The bowdlerised film was received with mixed critical reactions, and was banned in Finland. Alexander Walker, the influential film critic of the Evening Standard, despised it, and he and Russell had a heated conversation on the BBC over perceived inaccuracies in his damning review. When Russell said ‘I don’t make films for the critics, I make them for the public’, Walker sneered ‘The public isn’t all that grateful, especially in America.’ Russell responded ‘Then go to America, and write for the f****ing Americans’, before hitting Walker over the head with a rolled-up copy of the Standard. This led to massed complaints from the public, not for Russell assaulting Walker, but for his swearing before doing so. Life had once again imitated art.
Despite Walker’s comments, the film proved to be a reasonable financial success, and won the prestigious Best Director award at the Venice Film Festival. Yet it continued to frustrate those who had been involved with it, not least Russell, who maintained that the censored version of The Devils was not the film that he had intended to make.
It therefore proved a revelation that, in the early 2000s, the film critic Mark Kermode discovered the surviving footage of the censored scenes, which was then shown publicly for the first time in the 2004 documentary Hell on Earth: The Desecration and Resurrection of the Devils. Even by the standards of what had been shown in cinema in the intervening three decades, the Rape of Christ scene retained its power to shock.
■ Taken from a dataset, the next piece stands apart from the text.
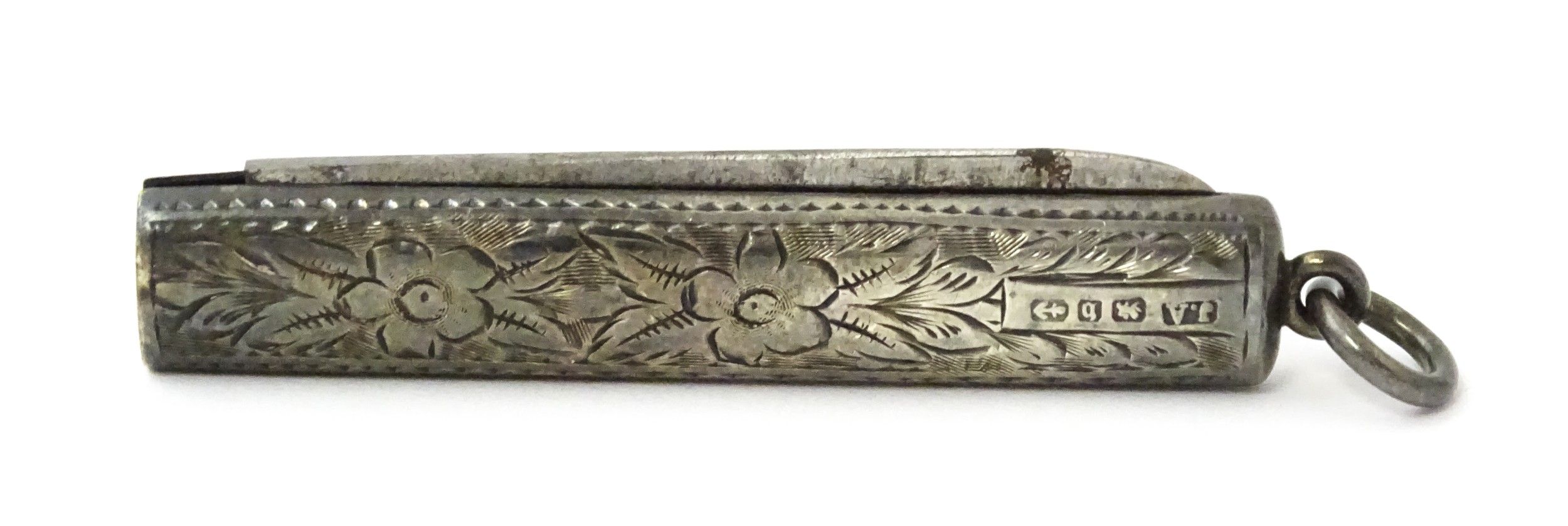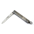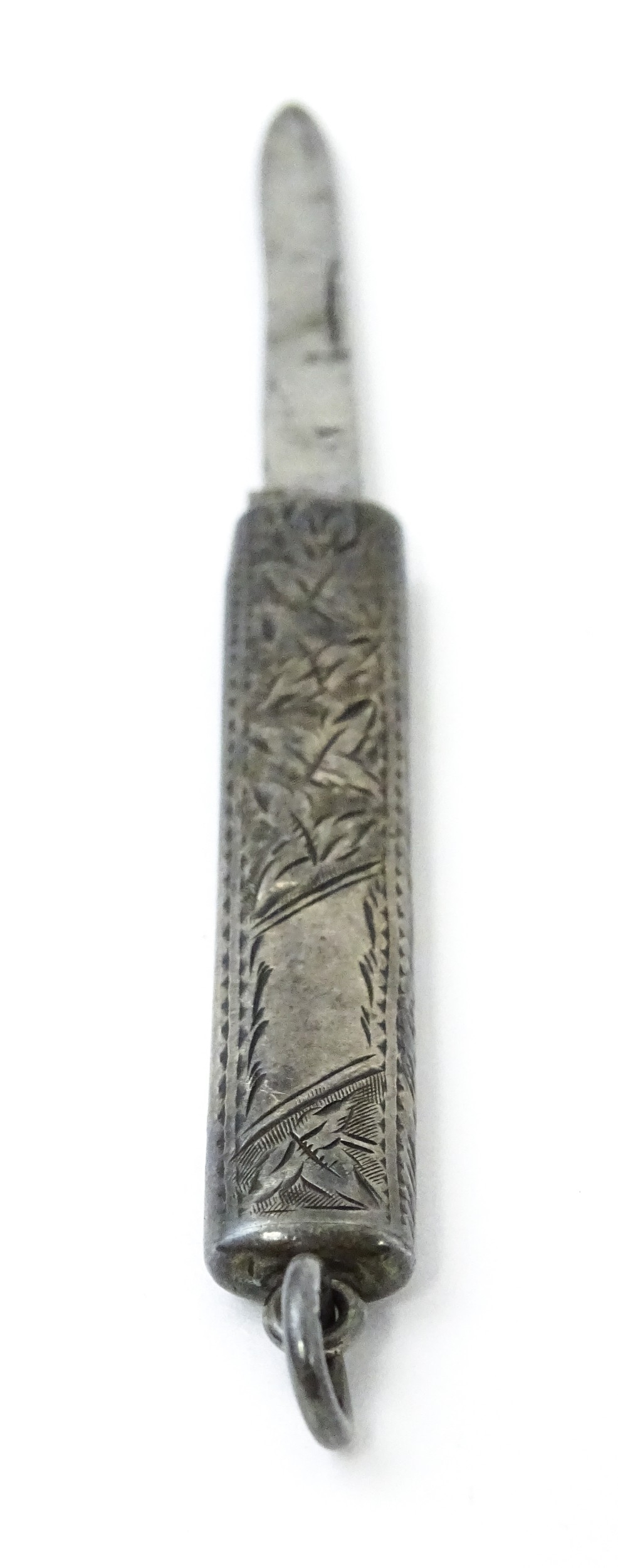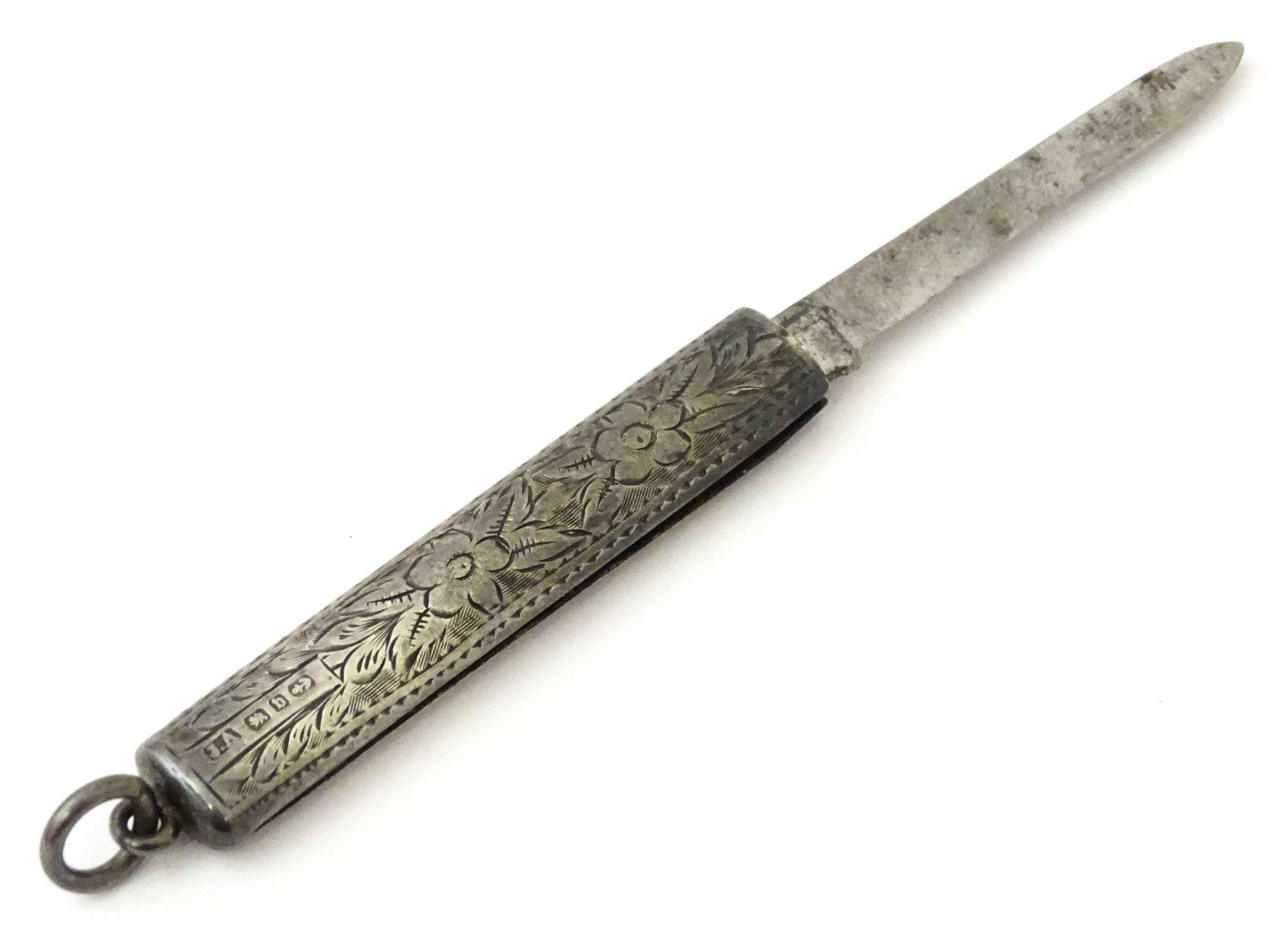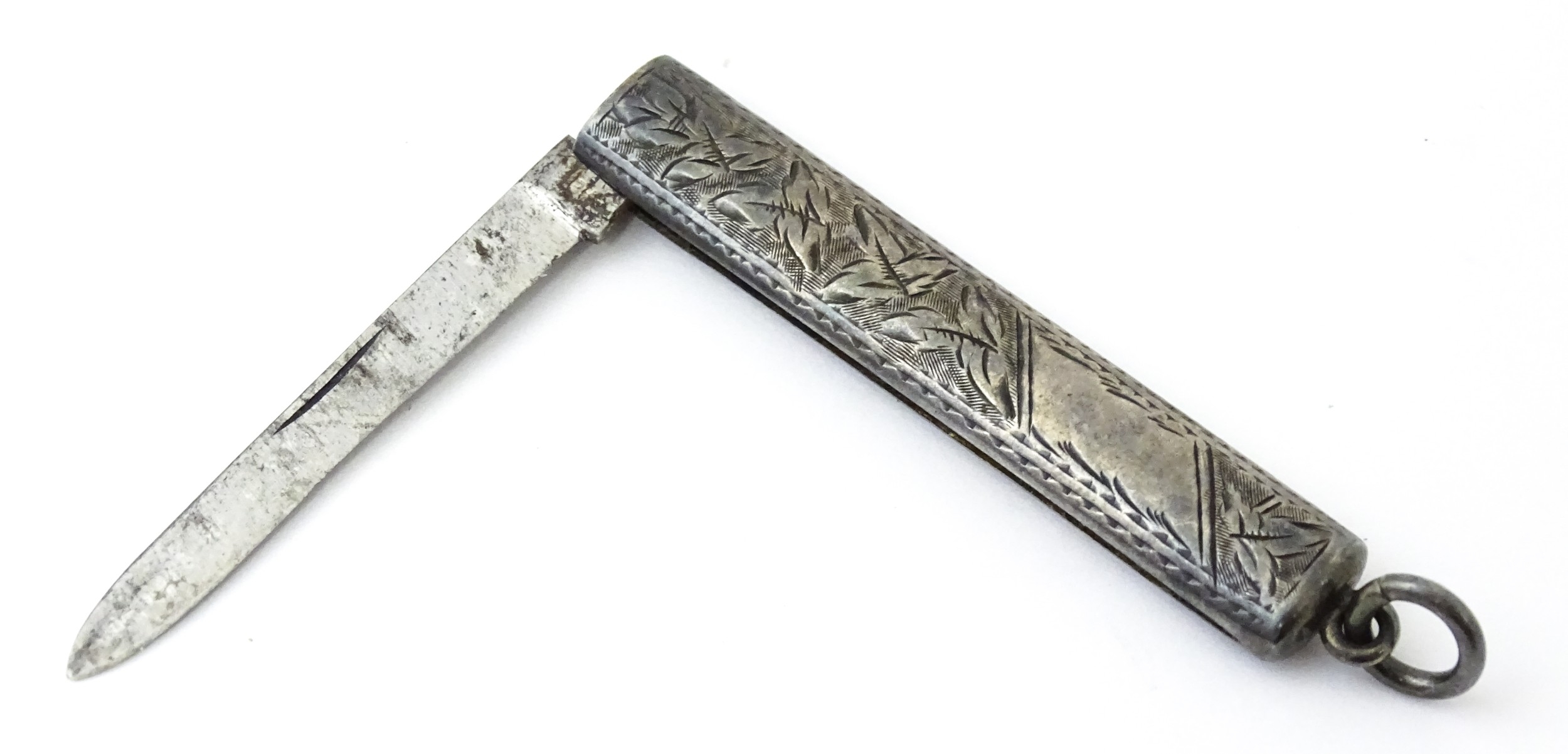 A Victorian silver handled folding knife, the handle with engraved floral and foliate detail and hallmarked Birmingham 1895 maker J.A. Approx 4" long overall.

When Russell watched it again, he sardonically commented ‘I can’t imagine why they cut it, save that it’s one of the most mind-blowing scenes ever censored.’
The obvious next step would have been for Warner Bros to release an uncut and restored version of the film, given the continued interest in Russell’s vision. Yet despite numerous reissues of The Devils on both DVD and streaming formats, the only edit of the film that is currently available remains the censored theatrical cut. From both a cinematic and social perspective, this is a considerable pity.
Although Russell’s film does not have the profile of such similarly controversial films as The Exorcist and A Clockwork Orange, its depiction of evil is every bit as unflinching. Now would seem the time to allow adult audiences to watch The Devils, 50 years after its original release, and make up their own minds as to its intentions and integrity. As Sutton said, ‘I don’t understand this ludicrous idea that you can control what people see, what people think, what people read….you end up with Nazi Germany.’
At a time when the iniquities of cancel culture are in full swing, it is surely right that Russell’s vision of another age retains its place as a sinister warning from history. If it is ever released in its full version, The Devils should rightly be regarded as a disturbing classic, rather than the compromised but fascinating work that is currently available. For the sake of cineastes everywhere, let us hope that someone, somewhere, can see sense. Otherwise, we’ll all be damned.